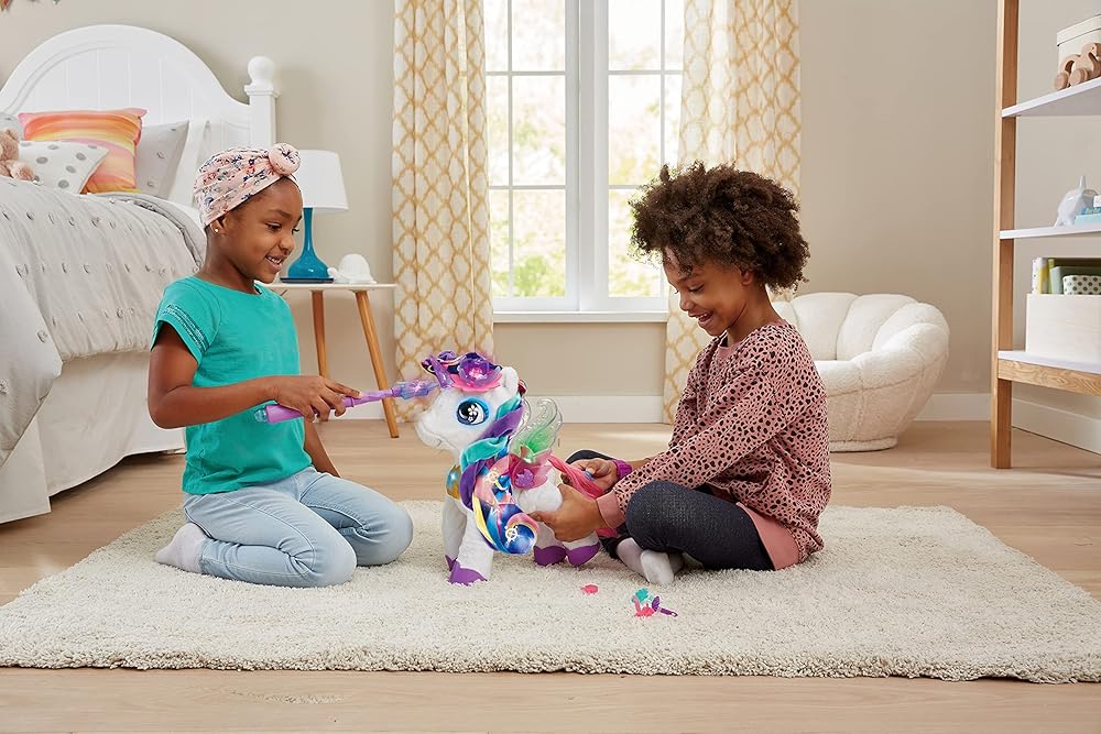 SING-ALONG WITH UNICORN: VTech's Fantasy Unicorn is a magical make-up unicorn with magic make-up brush and palette that includes a microphone to sing your favourite songs together
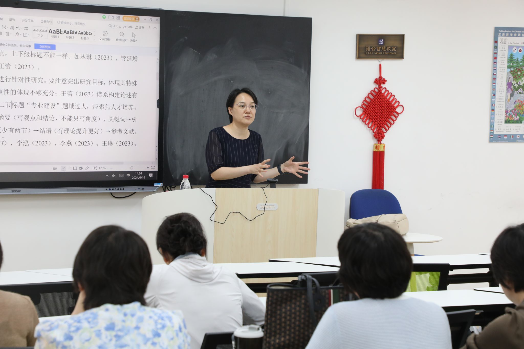 2024年6月19日下午,av在线看 在教五楼智慧教室举办了春季学期科研沙龙。本次沙龙特邀《世界汉语教学》编辑部孟凯研究员作为主讲人,对学院2023年度科研报告会一、二等奖论文进行评析。沙龙由av在线看 副院长朱文文主持,近二十位老师参加了此次活动。
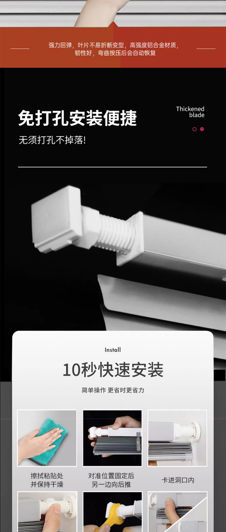 2025 새로운 셔터 커튼 비 천공 설치 사무실 차양 차양 화장실 롤업 롤러 셔터
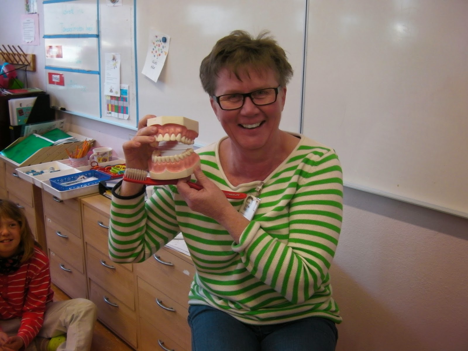 Tandsköterskor på besök Ingelöv och Mona berättade om våra tänder och vi i 1-2:an fick en varsin tandborste av dem. Tack för att ni kom!
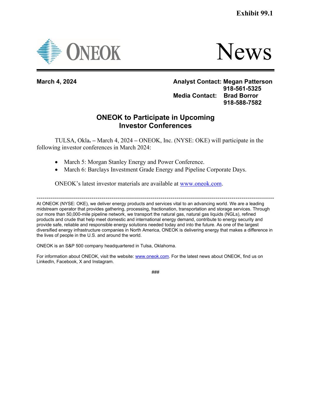 News ONEOK to Participate in Upcoming Investor Conferences TULSA, Okla. – March 4, 2024 – ONEOK, Inc. (NYSE: OKE) will participate in the following investor conferences in March 2024: • March 5: Morgan Stanley Energy and Power Conference. • March 6: Barclays Investment Grade Energy and Pipeline Corporate Days. ONEOK’s latest investor materials are available at www.oneok.com. --------------------------------------------------------------------------------------------------------------------- At ONEOK (NYSE: OKE), we deliver energy products and services vital to an advancing world. We are a leading midstream operator that provides gathering, processing, fractionation, transportation and storage services. Through our more than 50,000-mile pipeline network, we transport the natural gas, natural gas liquids (NGLs), refined products and crude that help meet domestic and international energy demand, contribute to energy security and provide safe, reliable and responsible energy solutions needed today and into the future. As one of the largest diversified energy infrastructure companies in North America, ONEOK is delivering energy that makes a difference in the lives of people in the U.S. and around the world. ONEOK is an S&P 500 company headquartered in Tulsa, Oklahoma. For information about ONEOK, visit the website: www.oneok.com. For the latest news about ONEOK, find us on LinkedIn, Facebook, X and Instagram. ### March 4, 2024 Analyst Contact: Megan Patterson 918-561-5325 Media Contact: Brad Borror 918-588-7582 Exhibit 99.1
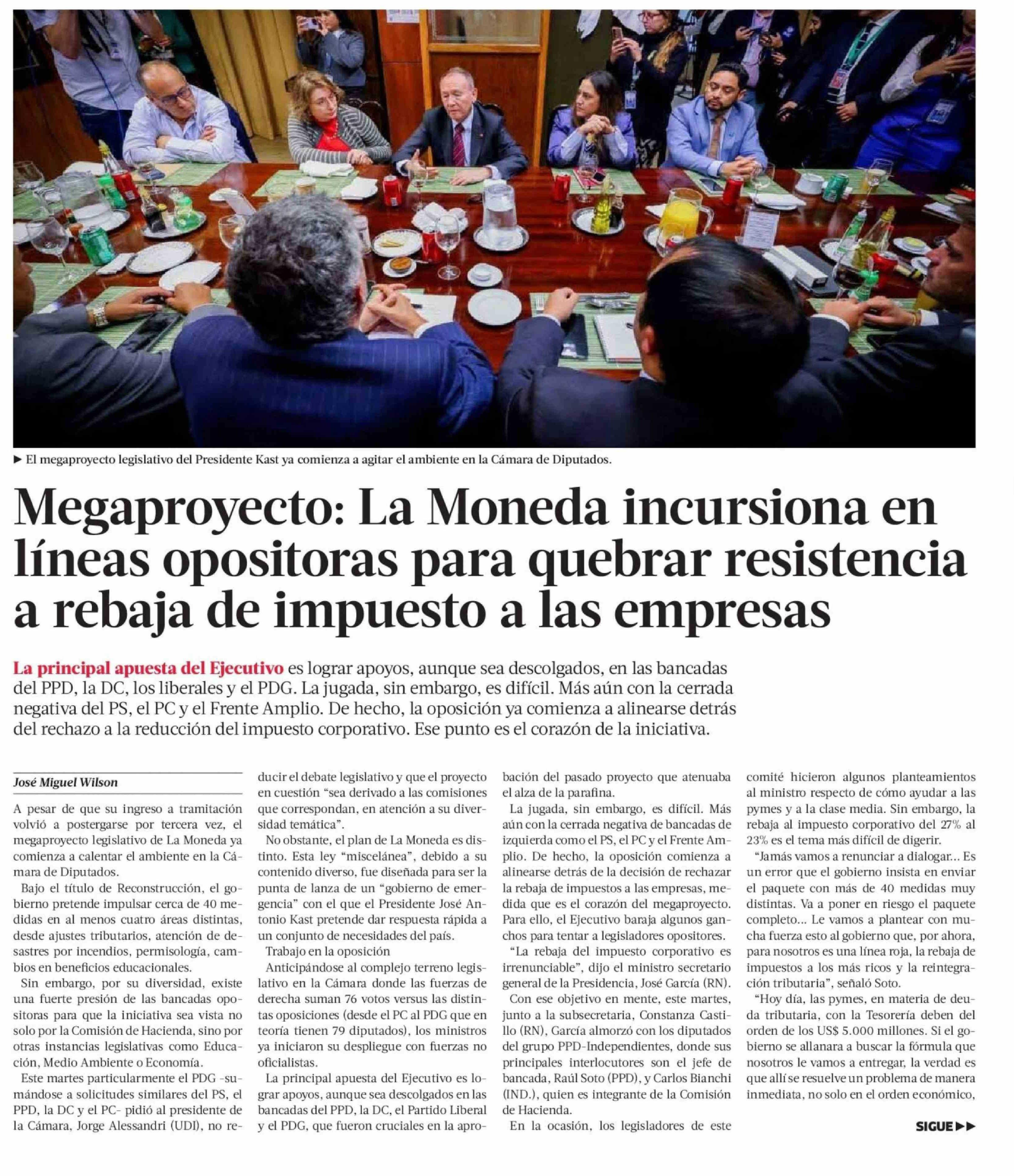 | Título: | Megaproyecto: La Moneda incursiona en líneas opositoras para quebrar resistencia a rebaja de impuesto a las empresas |
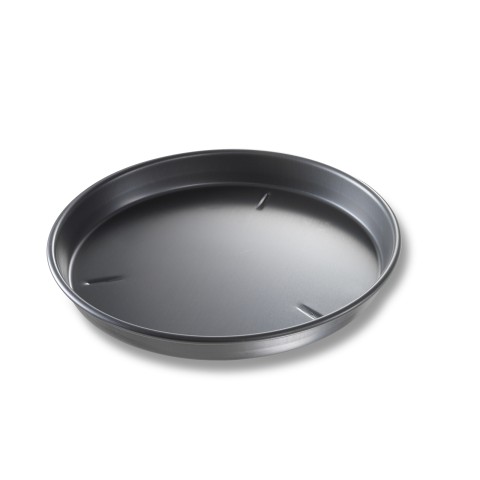 BĀKALON Deep Dish Pizza Pan, 13" dia. x 1-1/2" deep, nestable, embossed feet, hand wash only, 14 gauge hardcoat anodized aluminum, plain, made in the USA with global materials
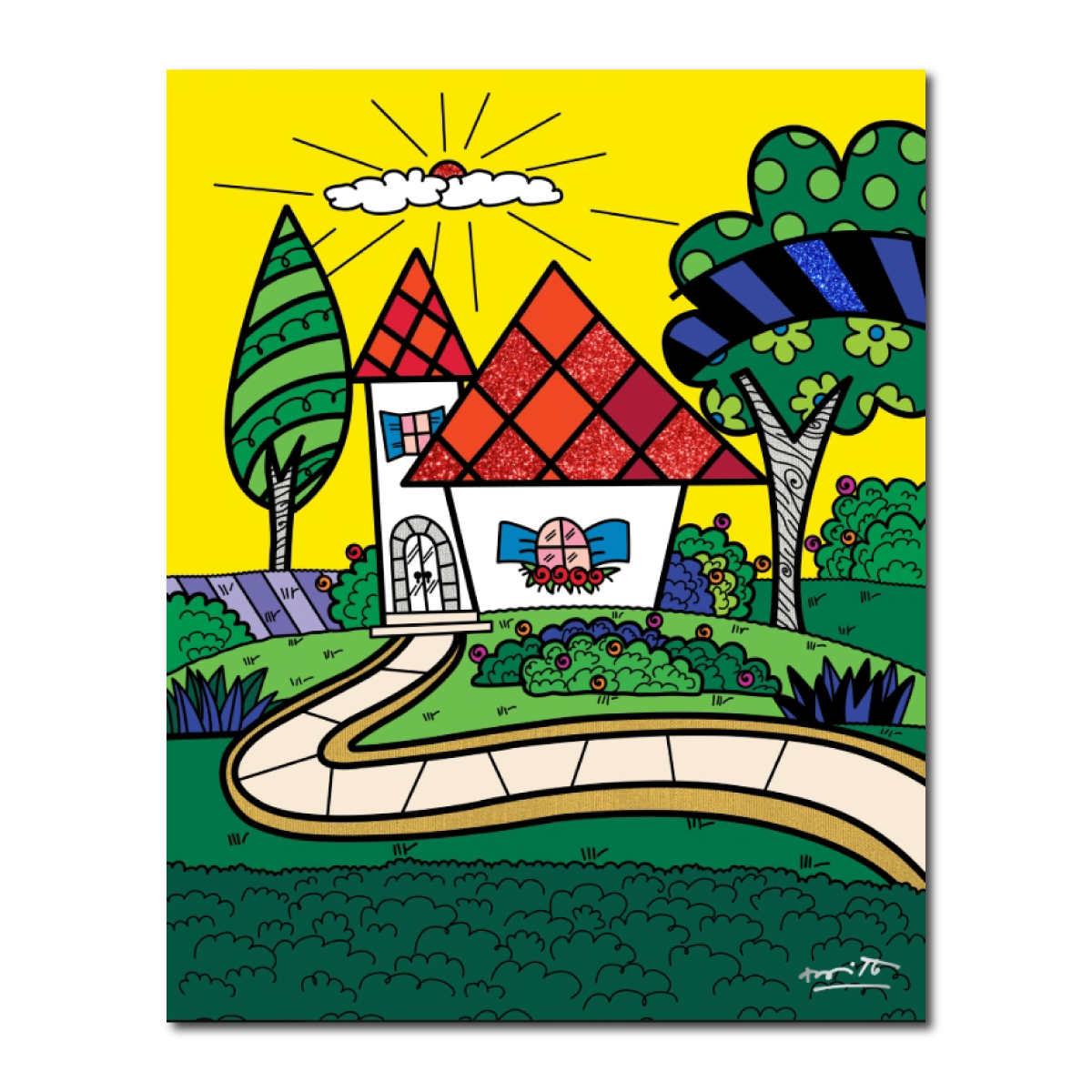 鮮やかな色彩と輝きが調和したキャンバスには、ロメロ・ブリット本人による直筆サインが添えられています。
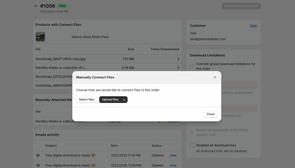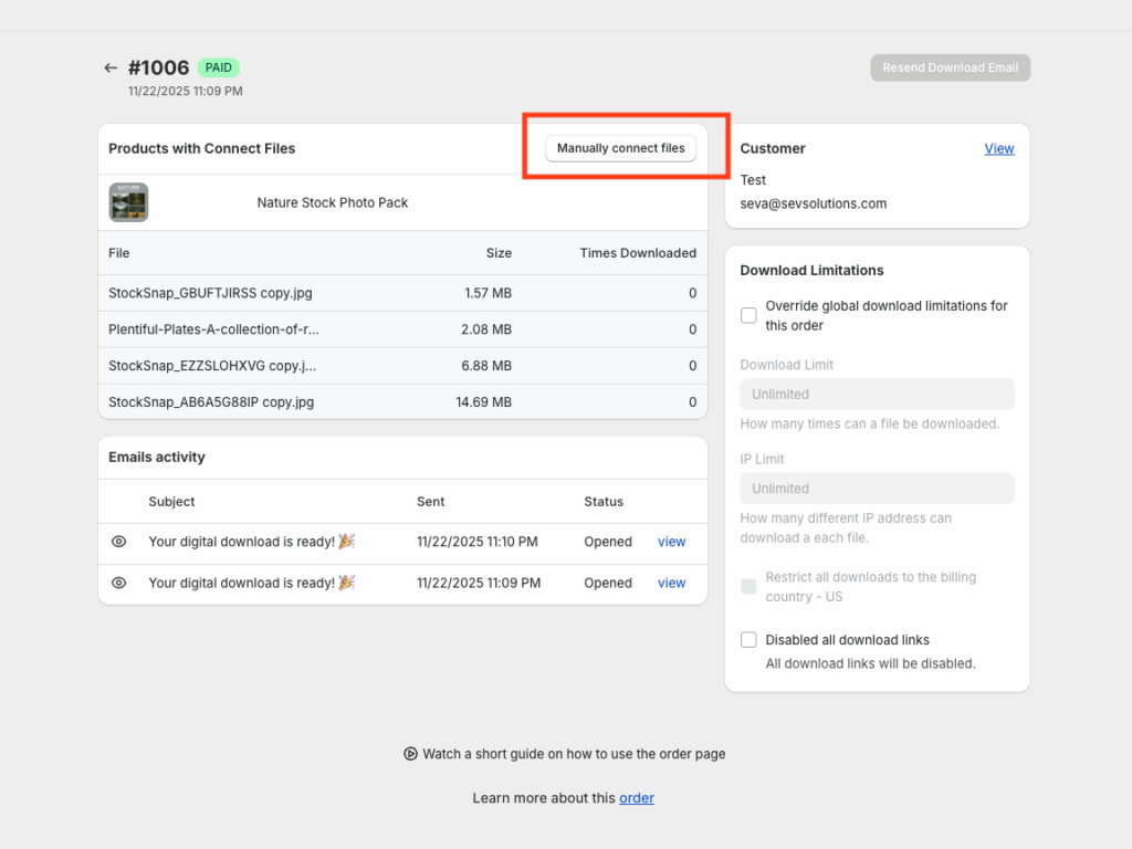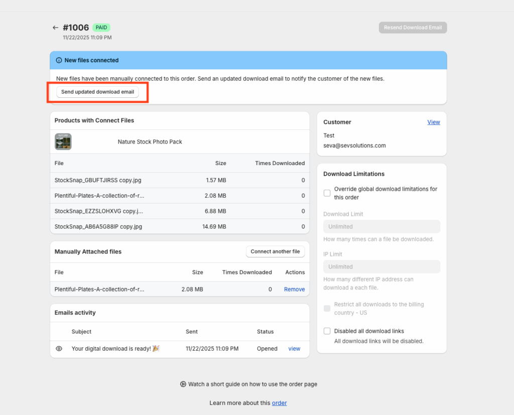 ProductName_v2.pdforProductName_2025-11-22.zip), so the customer knows it’s the latest version. - Email content: Customize your email template for “New file(s) added to order” messages to clearly explain what changed (e.g., “Hi Jane — we’ve enhanced your file for better quality. Please click below to download the new version.”). For more information on this, click here.
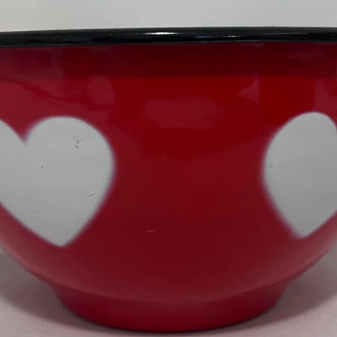 Punainen hyvässä kunnossa, emalipinta ehjä, siisti sisältä ja ulkoa. Korkeus 9 cm, halkaisija 10 cm. Made in Jugoslavia.
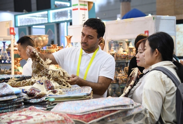 2024年9月20日,在陜西省西安市舉行的第八屆絲綢之路國(guó)際博覽會(huì)上,來(lái)自伊朗的參展商(前左一)向觀眾介紹產(chǎn)品。 新華社記者 張博文 攝
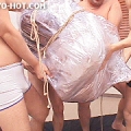 その後マットに転がされ粘着テープで開脚ポーズの格好のまま手足を拘束される。そして正常位で生チンポがズブリ。屈曲位、側位、バック。口内にもチンポを押し込まれ苦しみながら
··········
* **What the exercise asks**:
Copy the records exactly. Skip the pictures.

* **Reply to the task**:
 SING-ALONG WITH UNICORN: VTech's Fantasy Unicorn is a magical make-up unicorn with magic make-up brush and palette that includes a microphone to sing your favourite songs together
 2024年6月19日下午,av在线看 在教五楼智慧教室举办了春季学期科研沙龙。本次沙龙特邀《世界汉语教学》编辑部孟凯研究员作为主讲人,对学院2023年度科研报告会一、二等奖论文进行评析。沙龙由av在线看 副院长朱文文主持,近二十位老师参加了此次活动。
 2025 새로운 셔터 커튼 비 천공 설치 사무실 차양 차양 화장실 롤업 롤러 셔터
 Tandsköterskor på besök Ingelöv och Mona berättade om våra tänder och vi i 1-2:an fick en varsin tandborste av dem. Tack för att ni kom!
 News ONEOK to Participate in Upcoming Investor Conferences TULSA, Okla. – March 4, 2024 – ONEOK, Inc. (NYSE: OKE) will participate in the following investor conferences in March 2024: • March 5: Morgan Stanley Energy and Power Conference. • March 6: Barclays Investment Grade Energy and Pipeline Corporate Days. ONEOK’s latest investor materials are available at www.oneok.com. --------------------------------------------------------------------------------------------------------------------- At ONEOK (NYSE: OKE), we deliver energy products and services vital to an advancing world. We are a leading midstream operator that provides gathering, processing, fractionation, transportation and storage services. Through our more than 50,000-mile pipeline network, we transport the natural gas, natural gas liquids (NGLs), refined products and crude that help meet domestic and international energy demand, contribute to energy security and provide safe, reliable and responsible energy solutions needed today and into the future. As one of the largest diversified energy infrastructure companies in North America, ONEOK is delivering energy that makes a difference in the lives of people in the U.S. and around the world. ONEOK is an S&P 500 company headquartered in Tulsa, Oklahoma. For information about ONEOK, visit the website: www.oneok.com. For the latest news about ONEOK, find us on LinkedIn, Facebook, X and Instagram. ### March 4, 2024 Analyst Contact: Megan Patterson 918-561-5325 Media Contact: Brad Borror 918-588-7582 Exhibit 99.1
 | Título: | Megaproyecto: La Moneda incursiona en líneas opositoras para quebrar resistencia a rebaja de impuesto a las empresas |
 BĀKALON Deep Dish Pizza Pan, 13" dia. x 1-1/2" deep, nestable, embossed feet, hand wash only, 14 gauge hardcoat anodized aluminum, plain, made in the USA with global materials
 鮮やかな色彩と輝きが調和したキャンバスには、ロメロ・ブリット本人による直筆サインが添えられています。
 ProductName_v2.pdforProductName_2025-11-22.zip), so the customer knows it’s the latest version. - Email content: Customize your email template for “New file(s) added to order” messages to clearly explain what changed (e.g., “Hi Jane — we’ve enhanced your file for better quality. Please click below to download the new version.”). For more information on this, click here.
 Punainen hyvässä kunnossa, emalipinta ehjä, siisti sisältä ja ulkoa. Korkeus 9 cm, halkaisija 10 cm. Made in Jugoslavia.
 2024年9月20日,在陜西省西安市舉行的第八屆絲綢之路國(guó)際博覽會(huì)上,來(lái)自伊朗的參展商(前左一)向觀眾介紹產(chǎn)品。 新華社記者 張博文 攝
 その後マットに転がされ粘着テープで開脚ポーズの格好のまま手足を拘束される。そして正常位で生チンポがズブリ。屈曲位、側位、バック。口内にもチンポを押し込まれ苦しみながら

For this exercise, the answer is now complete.